High Level Segment of the 67th Session of the UN Commission on Narcotic Drugs (Vienna International Centre - VIC, 14 - 15 March 2024)

World leaders will meet at the UN headquarters in Vienna on 14 and 15 March with conflicting visions on how to confront a global drugs crisis that claims over half a million lives annually and drives serious human rights violations across the world. Unprecedented divisions will underscore the international community’s inability to reform a failed drug control regime.

What is it?

The first global summit on drug policy since 2019 will occur on 14 and 15 March

On 14 and 15 March, the international community will gather in Vienna for the two-day high-level segment of the United Nations Commission on Narcotic Drugs (CND), the main global drug policy body. US Secretary of State Anthony Blinken, Bolivian Vice-President David Choquehuanca, EU Home Affairs Commissioner Ylva Johansson, UN High Commissioner for Human Rights Volker Turk, and various other ministers and dignitaries are confirmed to be in attendance.

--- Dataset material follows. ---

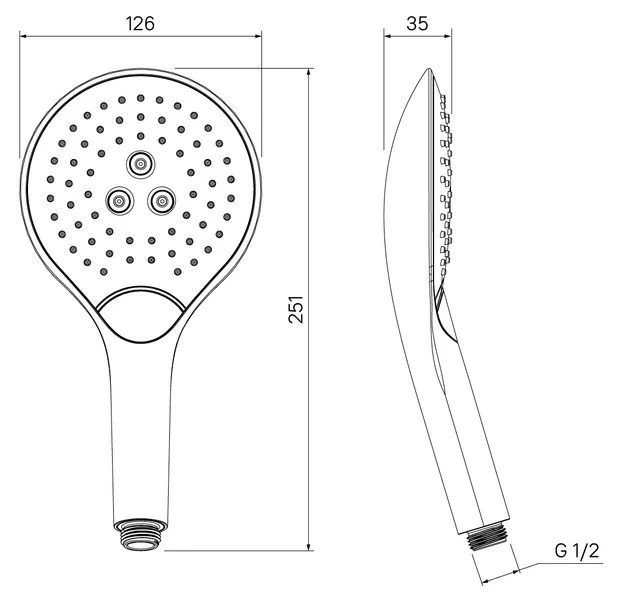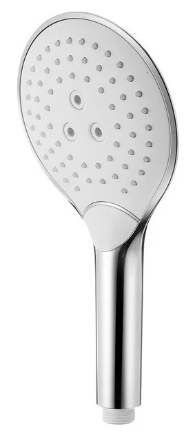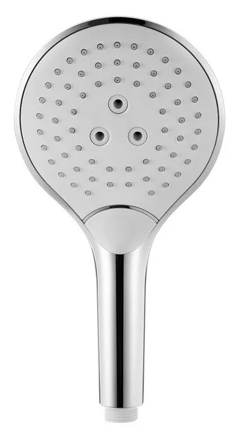 Ручная лейка из ABS-пластика, диаметр 126 мм. Цвет белый/хром. Материал: лейка из ABS-пластика, силиконовые форсунки. 3 режима: Rain, Mist, Rain&Mist, кнопочное переключение режимов.

The high-level segment will be the first meeting of world leaders on drug policy since 2019. Its purpose is to assess the implementation of the current global drug strategy and set the course for the next five years.

What will happen?

Unprecedented division amongst Member States threatens global drugs consensus

For the first time in its history, the global drug policy body faces the prospect of failing to reach an agreement on the future direction of the international approach to drugs. After three months of negotiations, Member States have yet to reach consensus on the political document that was intended to be adopted at the opening of the high-level event.

If no outcome document is adopted or Member States resort to a vote, this would be the first time ever that governments fail to reach consensus at the UN’s primary drugs forum in Vienna.

Whilst negotiations remain deadlocked, world leaders will use the event to present opposing visions on how to address the global drugs crisis. While most countries will persist in pursuing a failed punitive approach, others will likely signal a move away from damaging repressive drug policies, including Colombia and the United States — two countries that have pursued draconian ‘war on drugs’ approaches resulting in devastating human consequences and zero impact in terms of scaling back the illegal drug market.

Conflict is likely to emerge on issues such as the legal regulation of cannabis, the viability of achieving a drug-free world, human rights violations connected to drug control, and geopolitical tensions around Iran, Gaza, and Ukraine.

Why is it important?

The international community remains stuck in a failed global ‘drug war’

Research by civil society and the UN itself shows how the current ‘war on drugs’ approach has resulted in half a million drug use-related deaths. This includes almost 400,000 overdose deaths in the United States alone between 2019 and 2023 - mainly caused by prohibition measures that have driven an unpredictable and toxic synthetic drug supply. At the same time, punitive drug control has been associated with extrajudicial killings, acts of torture and abuse masquerading as ‘drug treatment’, countless arbitrary arrests and detentions, and mass incarceration, with people imprisoned for drug offences accounting for a fifth of the world’s prison population.

Faced with this tragedy, a growing number of countries are defecting from the global drug war consensus. More than 60 jurisdictions in 40 countries globally have removed criminal sanctions for drug use and possession, while six European and African countries are in the process of joining most of North America, Uruguay and other countries in legalising cannabis. However, reform at global level remains elusive.

The stage is set for an unusually confrontational summit, grappling with conflicting visions on the global drug strategy amid the UN drug control system's limited capacity for adaptation and reform. In light of this, the upcoming high-level segment marks uncharted territory for the international approach to drugs.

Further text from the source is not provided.